The latest `Poptrie` struct is generic over `P:Prefix` and `V`. Values of type `V` are stored in the trie for retrieval and have no explicit constraints (though it needs to be `Sized`).
The `Prefix` trait is an abstraction over address and prefix length, where `Address` is fixed-width and has some shift / rotate constraints that allow efficient bit extraction.
It should be possible to have fewer constraints on `Address` without sacrificing performance but this is not a priority.

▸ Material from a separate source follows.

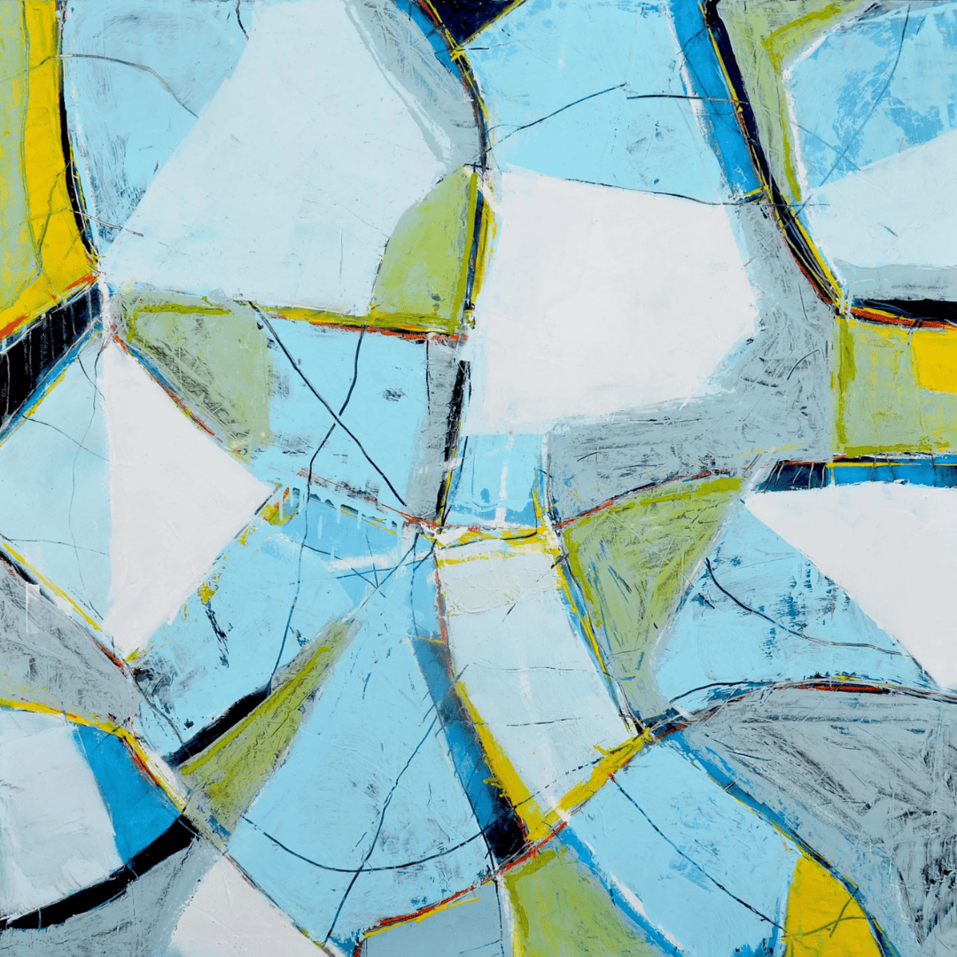 Breaking Dawn Over the Reef is an abstract artwork that captures the essence of a tranquil dawn rising over a partly exposed reef, with beach sand, rock pools and verdant seaweed. A unique blend of whites, blues, and lime yellow-green hues evoke the sense of movement of the early morning tide as it surges through the cracks in the reef.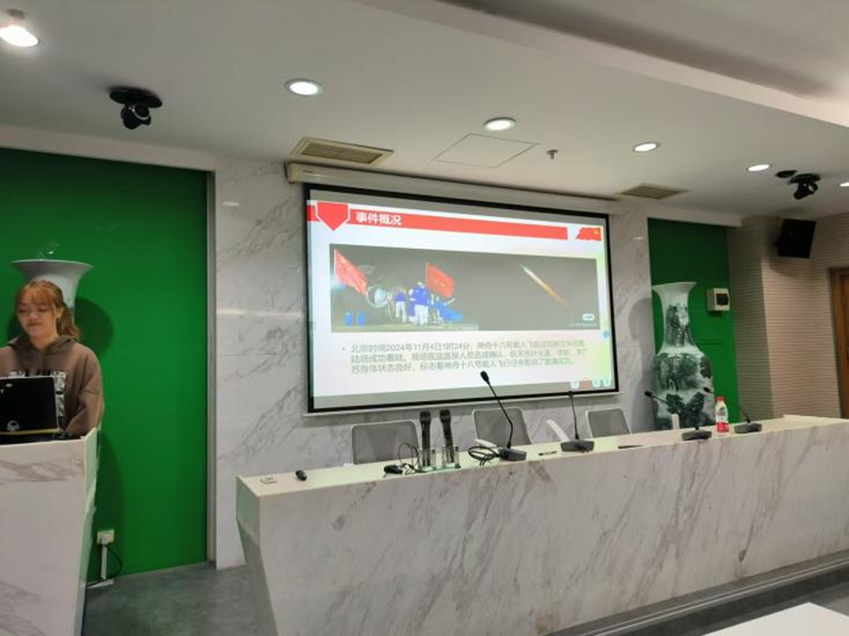 2024年11月10日20点时,污污漫画 本科生第二党支部第2党小组在后主楼1318召开十一月党小组会。本次会议内容为时事分享,会议由赵桢碧同志主持,共16名同志参与。 肖卓莹和易昊钦同志向大家分享了“神舟十八号返回舱成功着陆”的热点时事。两位同志从神舟十八号三位航天员的起飞到航天任务再到降落进行了分享,帮助各位同志们回顾了神舟十八号的各项事宜,同时就神舟十八号顺利降落的意义与各位同志进行了交流与讨论。 随后,潘俊宇和段旭同志以“高水平开放开辟中国式现代化广阔前景”为主题,向各位同志讲述了20届三中全会中针对“高水平对外开放”的相关论述与政策。两位同志也分享了我国“高水平对外开放”目前取得的各项显著成果,在今后我们仍需坚持以开放促改革、促发展,在扩大国际合作中提升开放能力。

Earlier versions (`0.1.*`) were generic over `Address` instead of `Prefix`, but this changed to allow for iterators to return the original `Prefix` instances and to improve `insert` ergonomics.


## Future Improvements
- **Direct Pointing**: This is a very simple tradeoff described in the poptrie paper. A certain number of bits from the address is reserved to be directly mapped into an array, which is basically the uncompressed version of the bitmap strategy (i.e. no bitmap). For example, the paper suggests using 16 bits, which means allocating an array of 2^16 slots to point directly to the next internal node, no popcount necessary. It's much less work for those first 16 bits, which should often be relevant in realistic IPv4 prefixes, but compensates by having a larger memory footprint.
- **Bitmaps that are generic over stride length**: I've already implemented a couple of versions of this. As mentioned above, if I can find an efficient way of masking 256 bits then the lookups would likely be very performant with AVX-512's vectorized `POPCOUNT` and byte-aligned stride. A version with `[u64;4]` was the most performant so far, but still less so thant the current 6-bit stride. I experimented with decreasing the alignment as well (using smaller native integers in the array) in order to eventually decrease the node struct size but this had a negative effect on performance (apparently this matters to the compiler).
- **Relative offset**: This is the most exciting. Instead of storing absolute offsets in nodes, we would store relative offset from the parent. This would cost 1 or 2 extra aditions per stride in the lookup but could reduce memory usage significantly. For example, currently we use `u32` offsets and `u64` bitmaps, which totals `3*u64` per node. This would allow the offset to be a `u16` (the parent would be at most `2^(2*STRIDE)` from its child). Together with the trick to use half representation on leaf bitmaps, we could reduce to `(u64, u32, u16, u16)`, reducing the memory footprint by 33%. It would be nice to see how performance improves, since it's mostly bound by cache locality.